Editor's ChoiceTrump’s Destruction Of America’s Soft Power Opens The Door For China

Trump’s neo-isolationist policies have delighted Beijing as they have put China in the perfect position to claim the throne and sit atop the global command.

LONDON: Donald Trump adores being adored. Since moving back into the White House more than a month ago, he has addressed ecstatic fans, rambling on for hours to great applause explaining how he was making America Great Again. For Trump it’s pure theatre. The problem is, like theatre much of what he says is pure fiction.
Take, for example, his remarks to reporters last week at his Florida residence, Mar-a-Lago. Falsely blaming Ukraine’s president for starting the war which has cost tens of thousands of Ukrainian lives, Trump called Zelensky “a dictator without elections” and claimed his support among voters was near rock bottom: “I hate to say it, but he’s down at 4 percent approval rating”, were his exact words. Wrong. According to a report released on Wednesday by the Kyiv International Institute of Sociology, “Zelensky retains a high rate of public trust at about 57 percent.”

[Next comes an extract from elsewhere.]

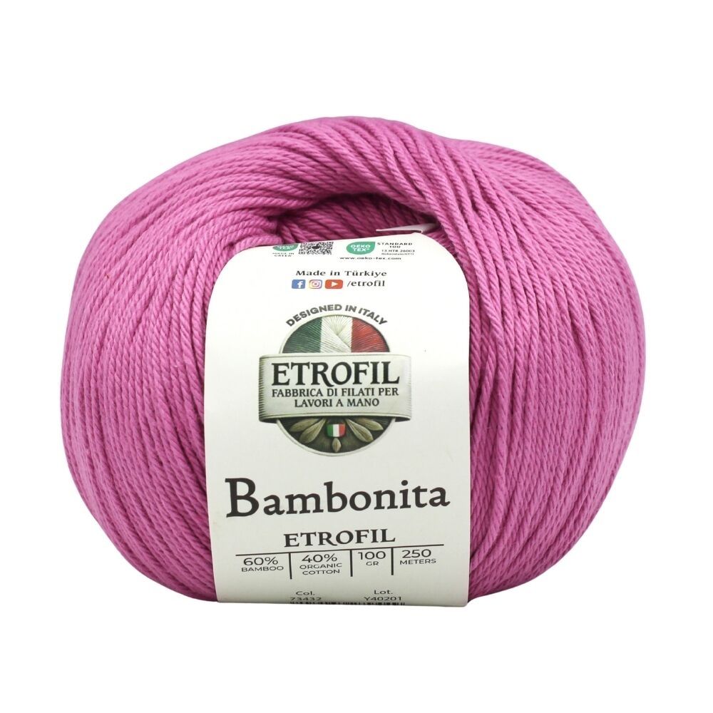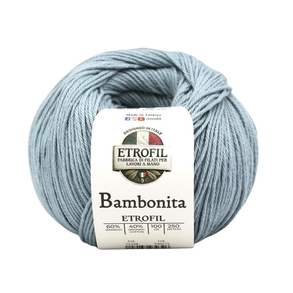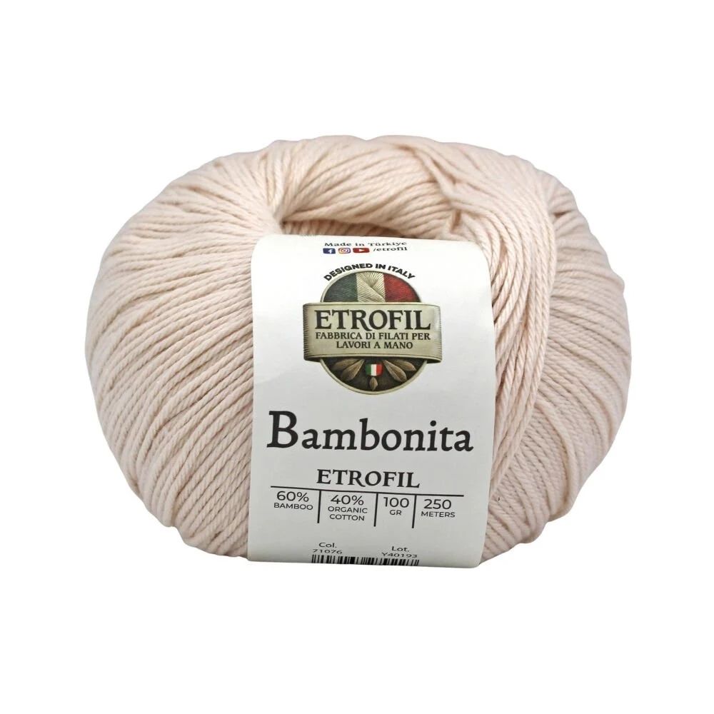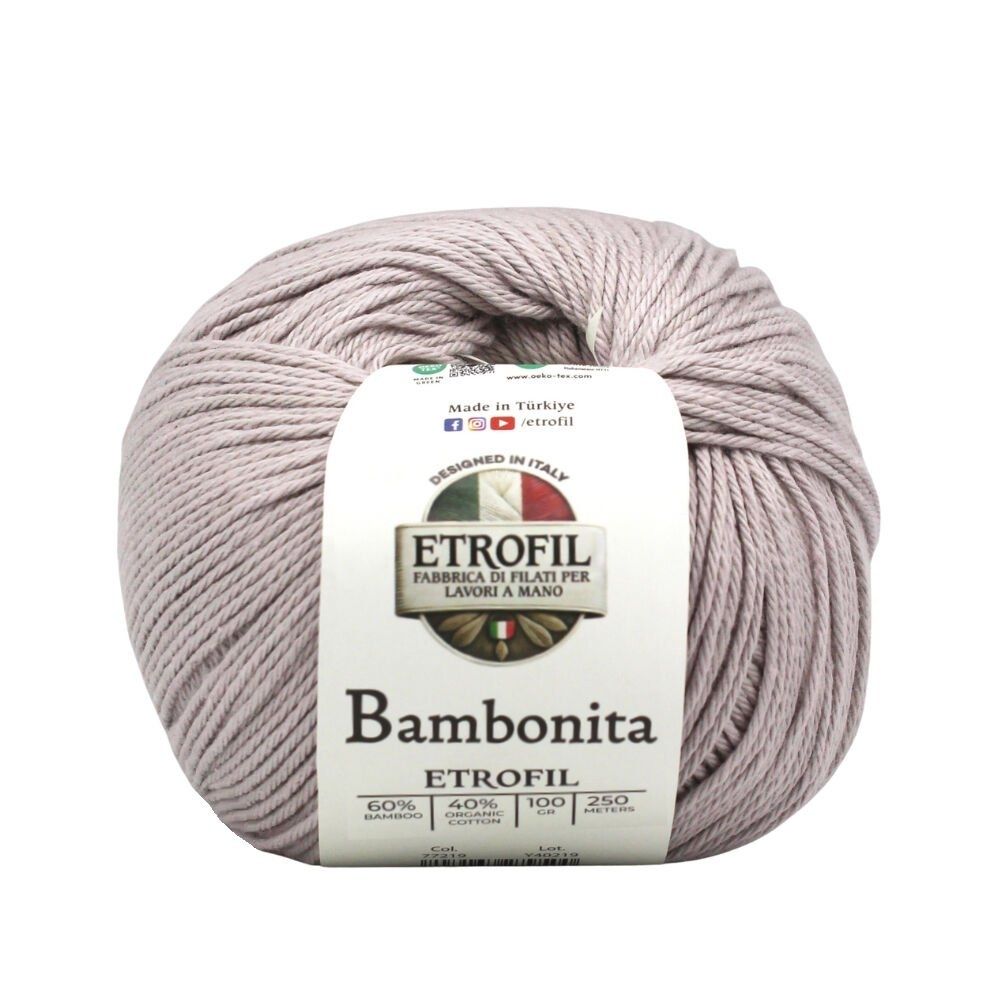 Etrofil Bambonita es un hilo ligero, transpirable y suave para la piel, elaborado con una mezcla natural de bambú y algodón orgánico. El bambú aporta brillo sedoso y frescura, mientras que el algodón ofrece comodidad y transpirabilidad.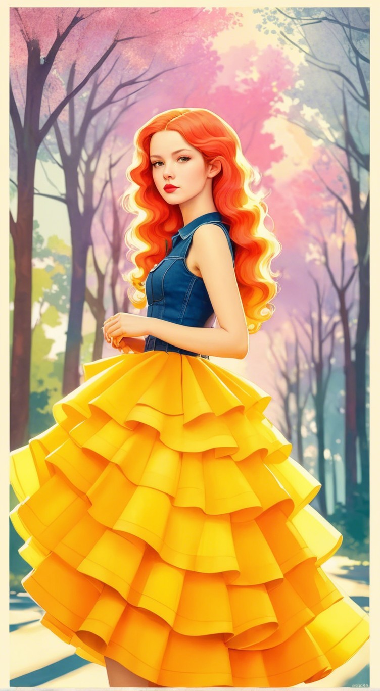 A young woman with vibrant red hair wears a stylish denim top and a flowing yellow ruffled skirt. She stands gracefully against a colorful forest backdrop, exuding confidence and charm.

On elections, Zelensky was elected to a five-year term on 31 March 2019 by a landslide, voted for by some 75 percent of the electorate. Ukrainian law prohibits parliamentary or presidential elections during a state of martial law, which Ukraine is currently in because of Russia’s full scale invasion of the country. With Russia illegally holding 20 percent of Ukraine while constantly bombarding Ukrainian cities with missiles, it requires very few brain cells to realise that would be impossible to hold free and fair elections. So again, Donald Trump is wrong.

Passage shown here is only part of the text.